(EXERCISE DATA)

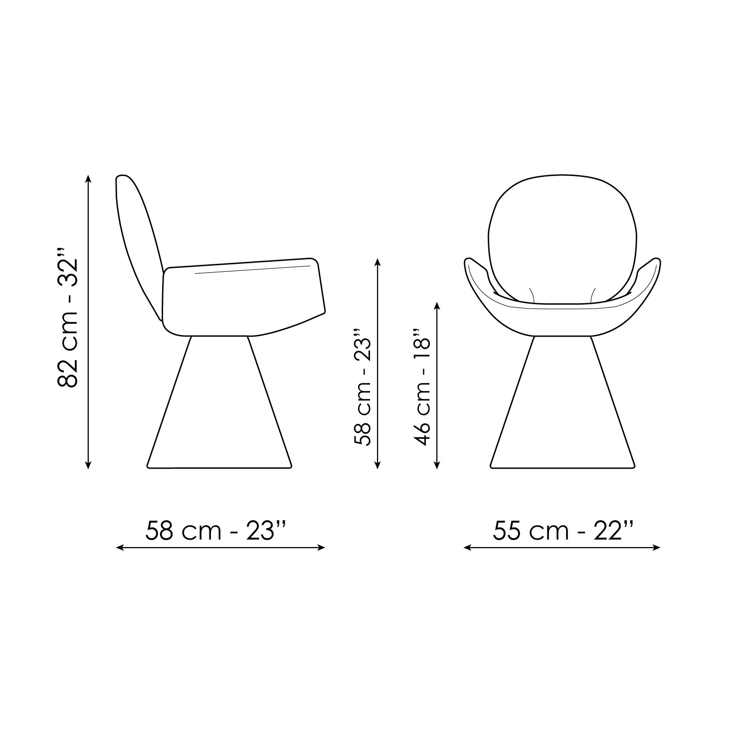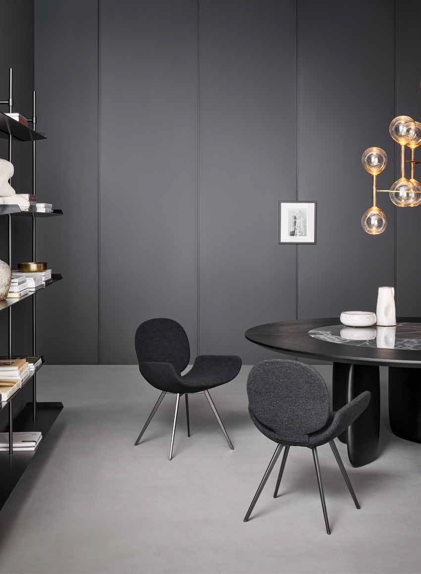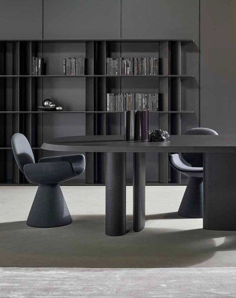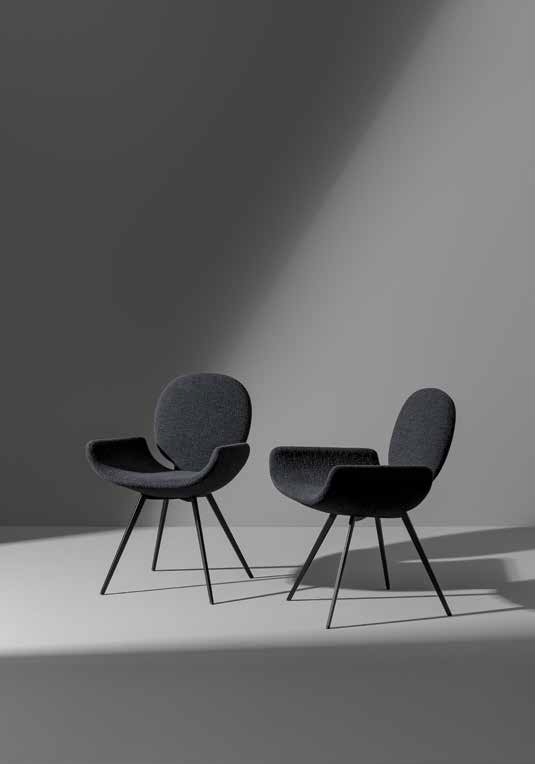 Seen from behind, the profile of the Youpi chair calls to mind the image of a stylized human figure, ready to welcome you in a comfortable embrace. Designed by Fabrice Berrux, what strikes the observer about the Youpi chair is its original shape, which adds style and a sense of lightness to any space. It consists of a series of different forms that combine to create a harmonious ensemble thanks to the fabric or leather upholstery that completely covers it: the circular backrest flows into the large seat and the whole is supported by a flared conical base. Youpi is also available in a version with four metal legs.
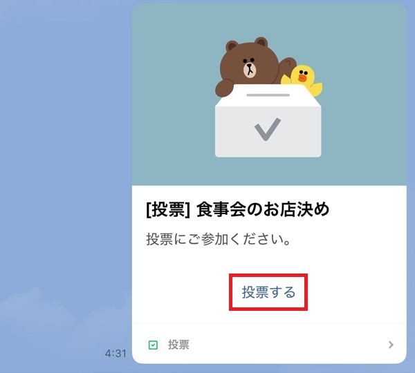 投票の作成が完了すると、トークに作成した投票が送信されます。グループのメンバーは各々「投票する」をタップして、質問への投票を行います。
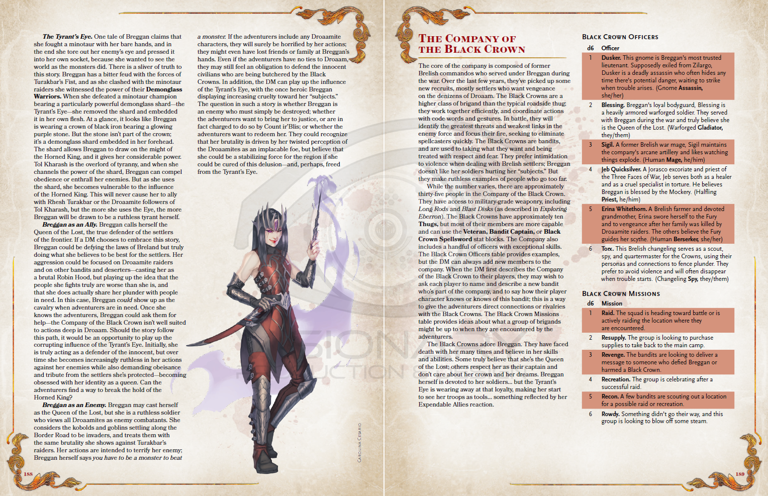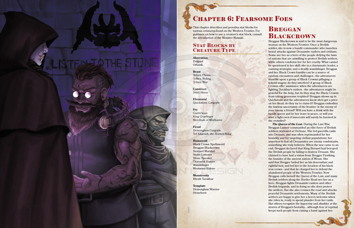 Frontiers of Eberron is coming out on September 17th! You can preorder it now and get a free Roll20 Conversion of the adventure "Heart of Stone." For now, here's a sneak peek at the opening of Chapter Six, so you can see the new creatures that are included in the book! The first two pages were posted on social media, but here's the next two pages as well, introducing the bandit queen Breggan. Her stat block is on the next page, but you'll have to get the book for that! meanwhile, my patrons already have previews of the College of Wands Bard and the Merchant of Misthaven. If you want to get access to those—and to support my writing on this site—join my Patreon!

(TASK DETAILS) Begin at the first line of the material and copy each line exactly through the one containing "投票の作成が完了すると、トー". Omit pictures.

(WRITTEN ANSWER)
 Seen from behind, the profile of the Youpi chair calls to mind the image of a stylized human figure, ready to welcome you in a comfortable embrace. Designed by Fabrice Berrux, what strikes the observer about the Youpi chair is its original shape, which adds style and a sense of lightness to any space. It consists of a series of different forms that combine to create a harmonious ensemble thanks to the fabric or leather upholstery that completely covers it: the circular backrest flows into the large seat and the whole is supported by a flared conical base. Youpi is also available in a version with four metal legs.
 投票の作成が完了すると、トークに作成した投票が送信されます。グループのメンバーは各々「投票する」をタップして、質問への投票を行います。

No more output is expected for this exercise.